Quoting David Henningsson <[email protected]>:
So we have three cases here:
1) Libsndfile < 1.0.18, no vorbis support
2) Libsndfile >= 1.0.18, compiled without vorbis support
3) Libsndfile >= 1.0.18, compiled with vorbis support
We agree that 1 and 3 works currently, right?
Right.
In case 2, I believe the SF_FORMAT_VORBIS is still present in sndfile.h
so the code will still compile, right? Then whether sf_command(NULL,
SFC_GET_FORMAT_MAJOR, ...) will return the oga file extension or not
would be up to libsndfile, if it does, it's a bug in libsndfile. If it
does not, ((info->format & SF_FORMAT_TYPEMASK) == SF_FORMAT_OGG) will
never be true. So case 2 should also work.

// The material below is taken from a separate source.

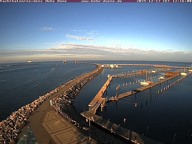 Warnemünde, Deutschland - 47.7 km von Amalienhof: Alter Strom Warnemünde - HD Streaming Kamera am 'Alten Strom' in Warnemünde bei Rostock an der Ostsee. Im Hintergrund die belebte Hafeneinfahrt des Rostocker Fähr- und Containerhafens. Fähren nach Dänemark, Schweden und alle Baltischen Anreihnerstaaten kommern regelmäßig vorbei. Im Vordergrund der 'Alte Strom' von Warnemünde mit seinen kleinen Fischerbooten, Fischmarkt auf der Mittelmole und der Probmenade. Als Bonus gibts Livewetter in Echtzeit im Videoplayer. Powered by Livespotting.tv in HD Qualität.

That is true, it hadn't occurred to me that SF_FORMAT_VORBIS would
still be available.
I think it might be best to just query libsndfile for the first
supported audio format, for a given file type, if no audio format
is specified and the default of 16 bit PCM fails. That would solve
the Ogg/Vorbis issue and possibly work fine with future supported
file types which have a specific audio format.
If that is possible, that would be even better.
With sf_command you can query the available audio formats for a
particular file type. If they add support for other audio formats to
Ogg though, that could become a problem, since you wouldn't be able to
specify Vorbis explicitly in that case.
Another option would be to dynamically list all the available formats
(by querying libsndfile for their descriptions) and for formats that
we know of, provide a short abbreviation as we do now. For
unrecognized formats, it could just list something like fmt17 (using
its assigned ID number). Whenever "fmt" is encountered, whatever
number follows would be used verbatim as the format ID, so that any
format could be specified by its number (to provide backwards
compatibility in future versions where we add a format abbreviation).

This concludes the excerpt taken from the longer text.